That may not be understood as though everything experienced factically had for me in each case the explicit character of the particular meaning for me. On the contrary, this relatedness-to-me, in such an explicit way, is simply missing. That means that for this experiencing there are no bounds, no barriers. Questions such as: whether the world exists in itself independently of my thoughts, are senseless. There are no thoughts which merely exist somewhere and of which an existing world is supposed to be independent (external world-internal world, etc.)
Factical life does not run across epistemological theories. These are not possible impediments, insofar as it lives in factical relations of meaningfulness.
When I see the acquaintance greeting me and in factical seeing warmly return his greeting, I saw him greeting.
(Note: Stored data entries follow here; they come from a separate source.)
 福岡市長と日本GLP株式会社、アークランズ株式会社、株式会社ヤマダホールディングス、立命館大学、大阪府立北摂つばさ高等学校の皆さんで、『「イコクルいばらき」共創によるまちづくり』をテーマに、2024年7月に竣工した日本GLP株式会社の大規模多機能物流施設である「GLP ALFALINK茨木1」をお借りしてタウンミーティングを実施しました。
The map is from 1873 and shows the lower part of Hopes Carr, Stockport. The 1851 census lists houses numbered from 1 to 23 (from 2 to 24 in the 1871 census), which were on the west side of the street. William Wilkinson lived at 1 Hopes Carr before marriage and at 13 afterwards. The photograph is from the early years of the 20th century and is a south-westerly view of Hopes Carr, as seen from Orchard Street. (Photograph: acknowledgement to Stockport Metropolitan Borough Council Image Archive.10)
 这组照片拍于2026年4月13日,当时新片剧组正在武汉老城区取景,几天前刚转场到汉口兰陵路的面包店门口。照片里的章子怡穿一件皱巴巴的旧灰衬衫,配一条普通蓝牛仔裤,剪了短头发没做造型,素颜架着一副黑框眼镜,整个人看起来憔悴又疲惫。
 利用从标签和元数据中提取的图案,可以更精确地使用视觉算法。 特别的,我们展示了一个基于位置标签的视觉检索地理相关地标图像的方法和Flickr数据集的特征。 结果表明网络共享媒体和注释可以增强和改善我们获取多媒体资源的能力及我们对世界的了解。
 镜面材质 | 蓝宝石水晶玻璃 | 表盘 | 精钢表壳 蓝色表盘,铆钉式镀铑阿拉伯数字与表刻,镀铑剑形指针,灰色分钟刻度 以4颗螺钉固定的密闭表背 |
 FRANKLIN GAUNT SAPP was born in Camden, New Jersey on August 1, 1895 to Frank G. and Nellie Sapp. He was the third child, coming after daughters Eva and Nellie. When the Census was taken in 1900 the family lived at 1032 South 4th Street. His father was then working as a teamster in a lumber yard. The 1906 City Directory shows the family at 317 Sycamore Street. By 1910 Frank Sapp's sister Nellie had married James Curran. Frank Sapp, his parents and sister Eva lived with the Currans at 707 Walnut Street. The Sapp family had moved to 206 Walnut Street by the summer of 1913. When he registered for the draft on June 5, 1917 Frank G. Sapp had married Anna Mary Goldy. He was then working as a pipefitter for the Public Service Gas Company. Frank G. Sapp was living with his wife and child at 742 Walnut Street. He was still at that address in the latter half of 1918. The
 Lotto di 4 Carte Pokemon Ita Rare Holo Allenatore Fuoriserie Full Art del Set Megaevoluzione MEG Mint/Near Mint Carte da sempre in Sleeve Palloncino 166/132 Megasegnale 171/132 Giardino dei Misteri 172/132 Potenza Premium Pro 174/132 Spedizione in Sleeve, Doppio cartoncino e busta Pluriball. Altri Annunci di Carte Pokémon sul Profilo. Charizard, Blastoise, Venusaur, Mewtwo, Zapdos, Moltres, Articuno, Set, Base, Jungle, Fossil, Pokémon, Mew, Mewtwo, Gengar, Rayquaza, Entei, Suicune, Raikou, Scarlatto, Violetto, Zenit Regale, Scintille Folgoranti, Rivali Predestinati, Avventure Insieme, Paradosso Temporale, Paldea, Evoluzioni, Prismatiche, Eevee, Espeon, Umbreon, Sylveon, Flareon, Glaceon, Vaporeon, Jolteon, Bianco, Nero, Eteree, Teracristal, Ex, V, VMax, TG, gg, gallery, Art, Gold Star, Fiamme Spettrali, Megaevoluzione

I did not at all see the movement of a material body in objective space, which I grasp as a sign of greeting and thereby conclude: now I must also actualize a movement, which is the cause for the other to perceive these particular movements and interpret them as my greeting. Rather, I see him greeting. And the existence of the acquaintance is his particular meaningfulness for me in this situation. If I am in doubt, I do not ask my companion, "Was that arm movement over there real?" rather I ask, "Did that gentleman send a greeting or not?" Or if I jokingly inquire of an acquaintance, "Does he still exist?" and [106] someone answers me, "Yes, I sat down with him the other day in Café Schanz" or: "Today he is having an important book published." Experiencing what is said, I experience his existence, not in such a way that I grasp and hence conclude: Alright, he really is in space and time, just like Mars or the Feldberg, rather the experience of existence terminates in and is satisfied in the characteristic of meaningfulness.2
So, the excitement of the gentleman behind the store-counter who was relating a story exists factically; the despondency of the beginning phenomenologist; the uncouthness of the boy on the street; the infatuation of a friend, and the like; the failure of my expressing myself; my momentary anger over it; my weariness. The meaning of "existence" lies in factical life in the currently experienced, remembered, or expected meaningfulnesses, so that memory-wise, experience-wise, or expectation-wise, experiencing, determined in such and such a way, actualizes itself in a full, concrete unity (opened situation). Also, where theoretical elements are invested in what is particularly experienced, these are there inclusively, entered into the temporally particular living meaningfulness. They do not come into their own according to their stubborn own-meaning [Eigen-Sinn]. Correspondingly, no theoretical comportment is phenomenally demonstrable. They are not intended in the "as" of theoretical objectivity-so, as one says, one already uses certain concepts in daily life, but not as concepts.